ADET DÜZENİ NASIL OLMALI
?Adet düzensizlikleri, adet sancısı, geçirilebilecek karın içi veya vajinal iltihaplar gibi durumlar gelecekteki doğurganlık azalmasının belirtisi olabileceğinden bunların atlanmaması gerektiğine işaret eden Op. Dr. Kolankaya, kadınların adetlerinin 21-35 gün arasında olmasının normal olduğunu, eğer bu süre dengesiz şekilde gidiyorsa mutlaka kontrol ettirilmesi gerektiğini söylüyor. Adet kanamalarında dikkat edilmesi gereken bir başka noktanın ise kanama miktarı olduğunu hatırlatan Kolankaya sözlerine şöyle devam ediyor:“Kanama miktarı kadınlarda genellikle şöyledir; birinci gün başlar ikinci ve üçüncü gün çok yoğunlaşır, dördüncü ve beşinci gün hafifleyerek kesilir. Ancak, eğer kanama bir gün sürüyorsa bu durum hormon eksikliğini, yumurtlama kapasitesinin düştüğünü gösterebildiği için bir hekime başvurmakta fayda var. Eğer, kanama 10 gün boyunca yoğun bir şekilde devam ediyorsa, bu rahim içi dokuda bir takım değişikliklerin göstergesi olabildiği gibi, rahim kanseri riski de oluşturabildiği için mutlaka hekime başvurmak gerekir. Kanama eğer lekelenmeler şeklinde veya ilişki sonrasında ortaya çıkıyorsa hormon bozukluğu olup olmadığını araştırmak gerekir.” Bunların dışında karın ağrıları ve karın ağrılı enfeksiyonlarda da önemli ve kalıcı bir hasar oluşmadan hekime başvurmak gerektiğini belirten Op. Dr. Kolankaya, dikkat edilmesi gereken diğer noktalara ilişkin şunları söylüyor:“Tüberküloz, tüpleri ve rahim içi kanallarını da tutabildiği için, tüberküloz geçirmiş kadınların çocuk istedikleri zaman kontrolden geçmeleri gerekir. Başka hastalıklara bağlı olarak da tüpler tıkanabilir. Geçirilmiş ağır karın içi enfeksiyonlar sonrasında ya da klamidya adı veriler cinsel hastalık, vajinal akıntıda veya eşte tespit edildiği zaman mutlaka dikkatli olmak lazım.”
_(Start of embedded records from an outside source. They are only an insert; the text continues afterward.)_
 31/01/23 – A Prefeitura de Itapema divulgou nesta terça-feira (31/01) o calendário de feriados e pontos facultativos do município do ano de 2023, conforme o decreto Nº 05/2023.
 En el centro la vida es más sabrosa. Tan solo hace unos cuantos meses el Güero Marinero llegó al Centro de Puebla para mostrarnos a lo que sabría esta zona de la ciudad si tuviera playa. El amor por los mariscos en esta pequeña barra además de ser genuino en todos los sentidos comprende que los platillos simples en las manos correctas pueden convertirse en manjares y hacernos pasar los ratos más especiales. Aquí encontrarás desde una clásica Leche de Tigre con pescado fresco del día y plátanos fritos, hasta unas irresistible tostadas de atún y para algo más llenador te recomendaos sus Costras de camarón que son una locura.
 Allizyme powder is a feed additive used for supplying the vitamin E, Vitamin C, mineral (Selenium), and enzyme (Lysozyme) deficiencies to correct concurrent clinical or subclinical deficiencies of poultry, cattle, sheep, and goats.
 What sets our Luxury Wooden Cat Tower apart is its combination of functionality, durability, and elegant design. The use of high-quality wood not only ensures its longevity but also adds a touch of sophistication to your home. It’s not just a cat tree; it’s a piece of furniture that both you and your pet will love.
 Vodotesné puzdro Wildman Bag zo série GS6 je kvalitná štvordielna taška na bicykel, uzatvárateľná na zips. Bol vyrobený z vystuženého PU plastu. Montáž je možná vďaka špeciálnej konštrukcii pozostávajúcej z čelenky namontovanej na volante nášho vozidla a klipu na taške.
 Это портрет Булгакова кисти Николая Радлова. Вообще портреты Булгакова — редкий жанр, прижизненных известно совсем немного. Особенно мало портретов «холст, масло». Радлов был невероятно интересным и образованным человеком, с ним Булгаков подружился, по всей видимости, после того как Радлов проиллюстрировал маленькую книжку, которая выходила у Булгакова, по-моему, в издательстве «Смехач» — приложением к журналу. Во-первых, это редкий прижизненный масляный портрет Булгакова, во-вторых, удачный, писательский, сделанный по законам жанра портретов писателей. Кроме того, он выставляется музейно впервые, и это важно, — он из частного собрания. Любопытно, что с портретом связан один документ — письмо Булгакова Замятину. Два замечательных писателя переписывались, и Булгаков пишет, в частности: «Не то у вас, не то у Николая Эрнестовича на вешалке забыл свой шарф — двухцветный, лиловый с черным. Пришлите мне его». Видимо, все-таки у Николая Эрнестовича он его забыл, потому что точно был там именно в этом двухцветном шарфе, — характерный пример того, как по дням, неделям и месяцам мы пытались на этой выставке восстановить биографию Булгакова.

MİYOMLARIN YERİ ÖNEMLİ Ayrıca bazı kadın hastalıkları da doğurganlığı etkileyebiliyor ki, bunların başında miyomlar geliyor. Özellikle 35 yaş üzerinde kadınların yüzde 10 ila 15’inde görülen miyomlar, yerine göre etki edebiliyor. Anadolu Sağlık Merkezi Kadın Sağlığı Bölüm Başkanı Prof. Dr. Aydın Arıcı’nın verdiği bilgiye göre, aşağıdaki bir miyom rahim ağzını kapatabildiği için spermin yukarı çıkmasını engelleyebiliyor. Kenarlarda olursa tüpleri tıkayabiliyor. Rahim içinde olan miyomlar da spiral gibi hamileliğin oluşmasını engelleyebiliyor.